Winners are those who can move laterally the fastest, and think at a system level. Cue the entrance of Apple and Amazon…
Outcomes-Based Design
The emerging market to develop and capture is the transition to outcomes-based competition delivered through a 'consumer-grade experience'. Essentially everyone in healthcare -- payers, providers, pharmaceutical and medical device companies -- is groping their way through the white space.
And if you buy into the logic that it's not just one thing that improves outcomes, but many things simultaneously and interactively, then advantage goes to those who are best at creating and managing unique forms of health engagement, at scale.

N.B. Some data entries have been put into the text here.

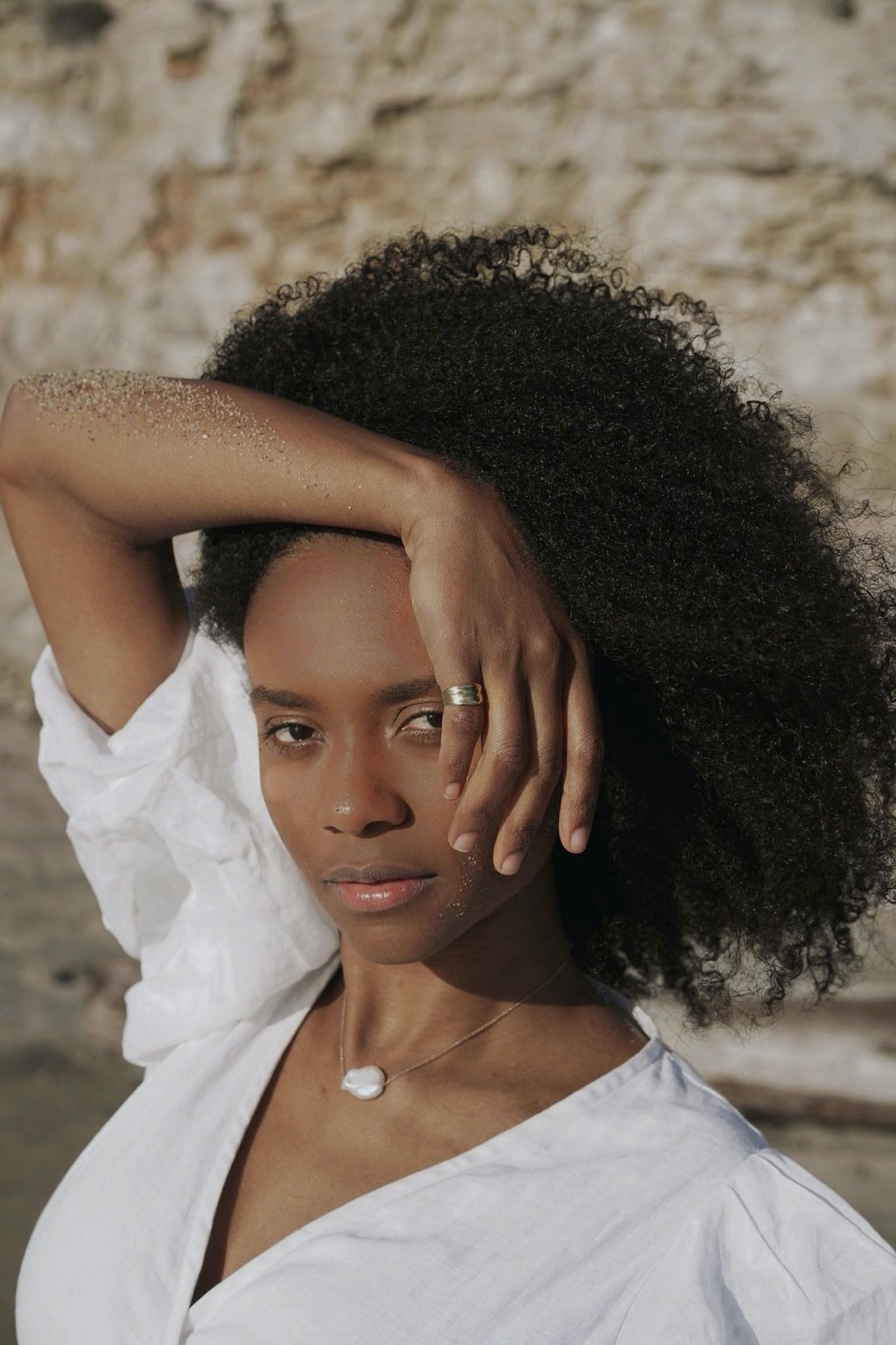 A note on Bronze jewelry: The high copper content in bronze can cause it to darken over time. This is primarily due to a reaction to water and humidity. Some people, depending on their personal PH balance, experience a green coloring to the skin when it comes in contact with bronze and brass. This is perfectly harmless and is due to the copper content. If you prefer to avoid the dark patina to the metal, try to keep your bronze and brass as dry as possible. Take your ring off when washing your hands and dry your hands thoroughly before putting your ring back on. You can also coat the inside of the ring with a clear nail polish this will form a barrier between your skin and the ring. If tarnish begins to occur, a Jewelry Cleaning Cloth can be used for touch ups. For a bright shine, it is easiest to use a commercial polish like Brasso to restore your piece to its original luster.
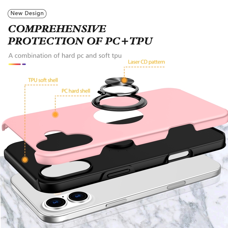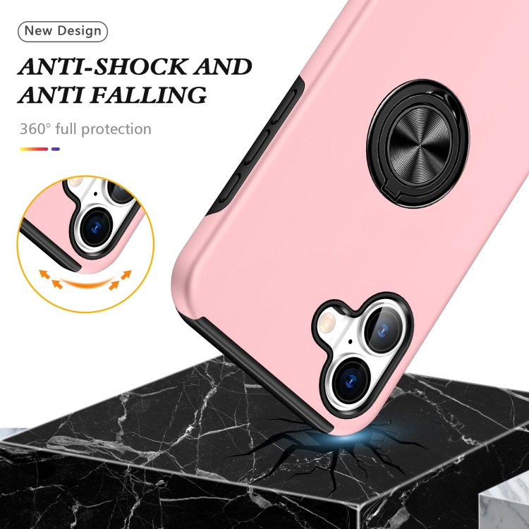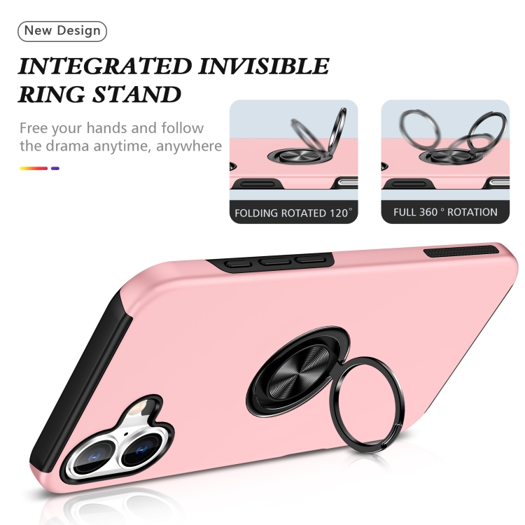 Funda híbrida TPU con anillo magnético para iPhone 16 Plus (Oro Rosa)
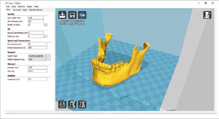 A partir del modelo obtenido se procedió a la fabricación aditiva (additive manufacturing) mediante la sucesiva superposición de capas micrométricas de un material polimérico. Empleamos el software Cura (de la casa comercial Utimaker), (figura 3), que nos permitió dividir en capas el mode-lo tridimensional, según un perfil de configuración optimizado. El proceso de laminado transfiere un diseño digital en 3D en formato STL (STereo Lithography) creándose unas capas delgadas en un plano de dos dimensiones que la impresora leerá. Tras apilar estas capas se crea el objeto. Este proceso se realizó mediante cálculos matemáticos por el software de generación de G-Code. Este código se genera de forma automática y podemos introducir modificaciones. Calculadas las trayectorias y generados los comandos, se transmite a la impresora y se inicia la creación las piezas anatómicas óseas.
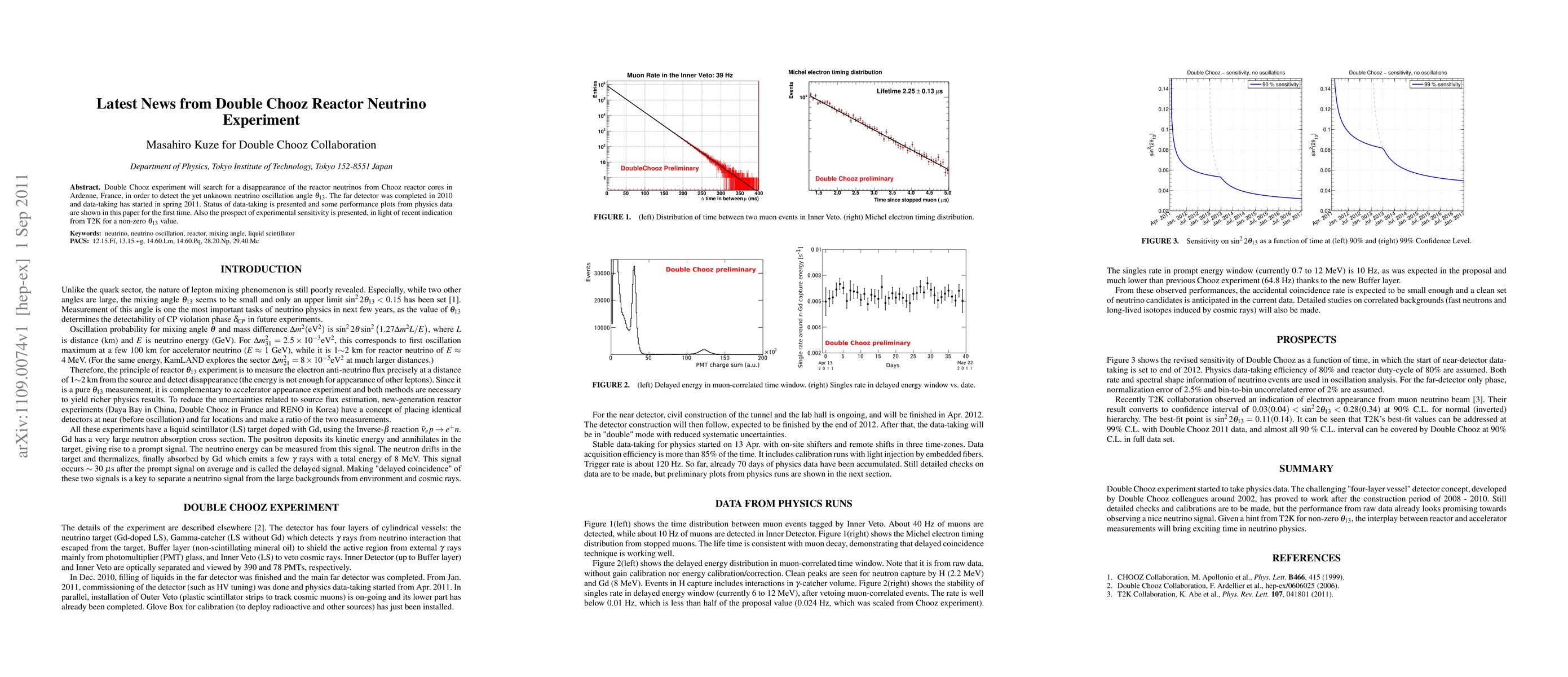 The Double Chooz experiment aims to detect the unknown neutrino oscillation angle θ13 by observing the disappearance of reactor neutrinos from French reactors. Initial data-taking began in 2011, with the far detector operational since 2010, and the paper presents early performance results and experimental sensitivity prospects.

There are islands of features everywhere. The challenge is pulling it all together in a way that a whole system is born and becomes focused on generative value. The data that flows from this system, and then refined into specialized cognition, is the thing that generates new business value, supports population health and guarantees performance.
Data strategy becomes market strategy. You design for the analytics you want to capture.
Paul Romer, an economist at New York University who specializes in the theory of economic growth, says real sustainable economic growth does not come from new resources, but from existing resources that are rearranged to make them more valuable. "Recombination is really the only source of innovation. Economic growth occurs whenever people take resources and rearrange them in new ways." More succinctly, new growth comes from remixing pieces and parts into novel combinations.
Or to put it another way, the transformational remit for today's health market leaders is the ability to creatively explore and conceptualize a new territory, assemble the intellectual viewpoint, and then design the new industry infrastructure -- the nervous system -- to own the space. Which is the role of “digital” in this story. It's value is expressed in the ability to dissolve boundaries, create new identities, remove friction and re-configure entire business systems.
There are multiple billion-dollar business models and markets to develop based on improving outcomes and squeezing inefficiency from healthcare. The path to get there is to make technology so immersive that it disappears into the experience.
Said differently, health system transformation is about a shift in how to think, not in what to think.